Strengths and Limitations

Because this study was performed at designated COVID-19 hospitalization centres in Canada's epicenter for COVID-19 during the first wave of infection, it provides valuable data on the initial Canadian experience in treating pregnancies complicated by SARS-CoV-2. Importantly, we were able to discern whether COVID-19 influenced obstetrical management, including timing and mode of delivery.
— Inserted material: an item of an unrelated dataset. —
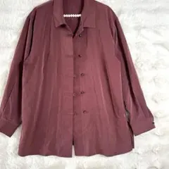 バーガンディ色のアシンメトリックデザインで、パールネックレスが付いた長袖シャツ。
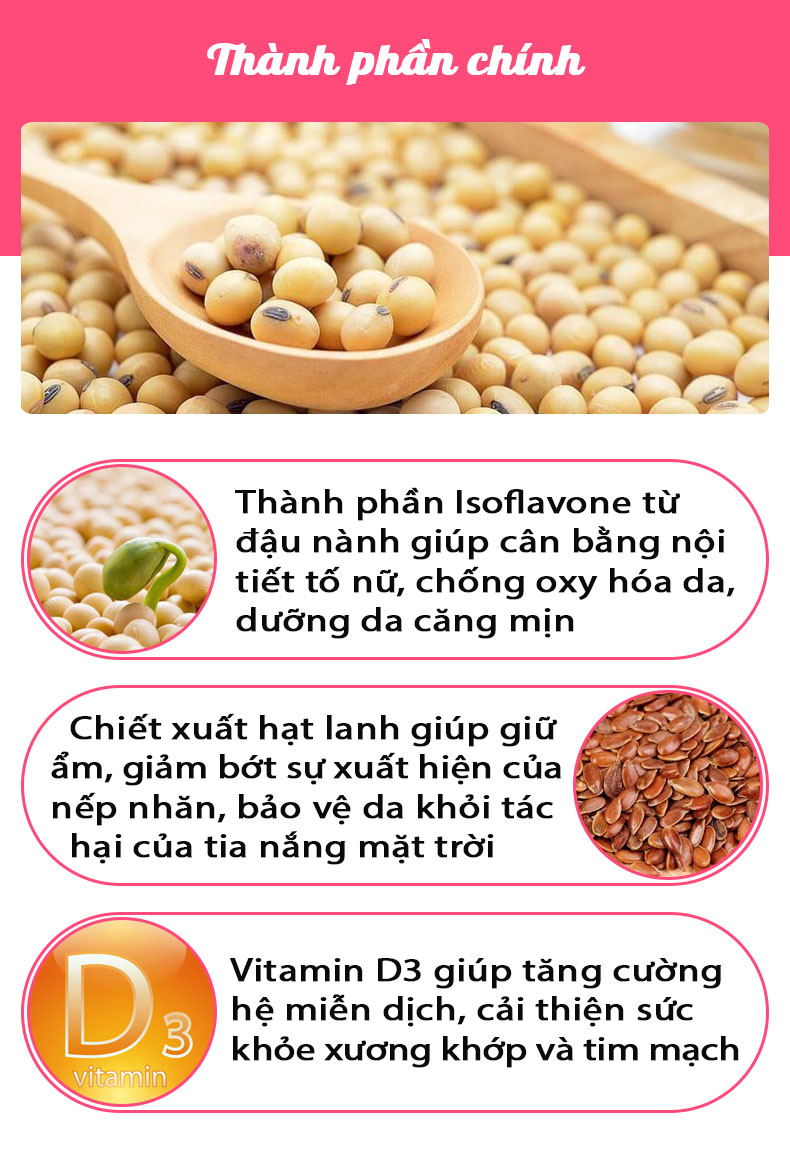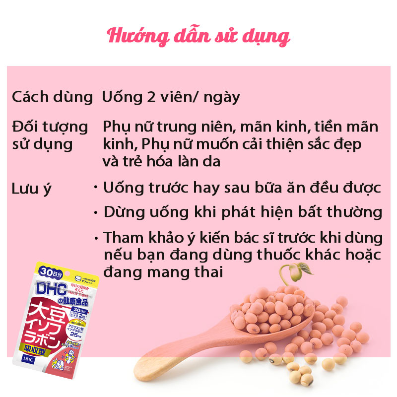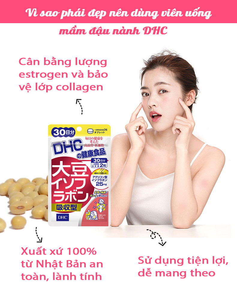CÔNG DỤNG- Viên uống mầm đậu nành DHC có tác dụng hỗ trợ bổ sung, cân bằng nội tiết tố nữ- Hạn chế lão hóa và giúp da khỏe đẹp, mịn màng- Hỗ trợ điều hòa kinh nguyệt, cải thiện các triệu chứng tiền mãn kinh: mất ngủ, mệt mỏi, rụng tóc- Duy trì vẻ đẹp thanh xuân, đẩy lùi dấu hiệu tuổi tác

Because of our small sample size, our study was underpowered to demonstrate statistically significant differences for some of our findings. Nevertheless, no major signal suggesting a link between SARS-CoV-2 and adverse perinatal outcomes was detected. However, most patients in this cohort had mild disease diagnosed in the third trimester. Therefore, results may not be generalizable to patients with severe disease or those diagnosed earlier in pregnancy.

CONCLUSION

We did not find a major difference in the frequency of adverse obstetrical or newborn outcomes between women with and without SARS-CoV-2. However, our cohort was limited by a small sample size, and more subtle differences may be highlighted by larger cohorts. Our reported findings are important because they will contribute to future meta-analyses, which will provide a better understanding of the population effect of SARS-CoV-2 during pregnancy. Until further data become available, heightened surveillance for pregnancies affected by SARS-CoV-2 remains warranted.

SUPPLEMENTARY DATA

Supplementary data related to this article can be found at 10.1016/j.jogc.2021.03.012.

Footnotes

Disclosures: The authors declare they have nothing to disclose.

All authors have indicated they meet the journal's requirements for authorship.

Appendix

Table.

Pregnancy Outcomes and Mode of Delivery Among Patients with Severe COVID-19 During Pregnancy

Characteristics Patients with severe COVID-19 during pregnancy; n = 4a
GA at delivery, mean ± SD, wk 34.8 ± 3.9
GA at delivery, median (IQR), wk 34.5 (31.3–38.5)
Preterm delivery <37 wk 2 (50)
Preterm delivery <34 wk 2 (50)
PPROM 1 (25)
Major intrapartum FHRT abnormalities requiring intervention 2 (50)
Instrumental vaginal delivery 0 (0)
Cesarean delivery (overall) 2 (50)
Emergency cesarean delivery 2 (50)
Birth weight, median (IQR), g 1945 (1748–3458)
Low birth weight 4/6 (67)
Very low birth weight 0/6 (0)
NICU admission 4/6 (67)
a

Unless otherwise specified.

FHRT: fetal heart rate tracing; GA: gestational age; IQR: interquartile range; NICU: neonatal intensive care unit; PPROM: preterm premature rupture of membranes.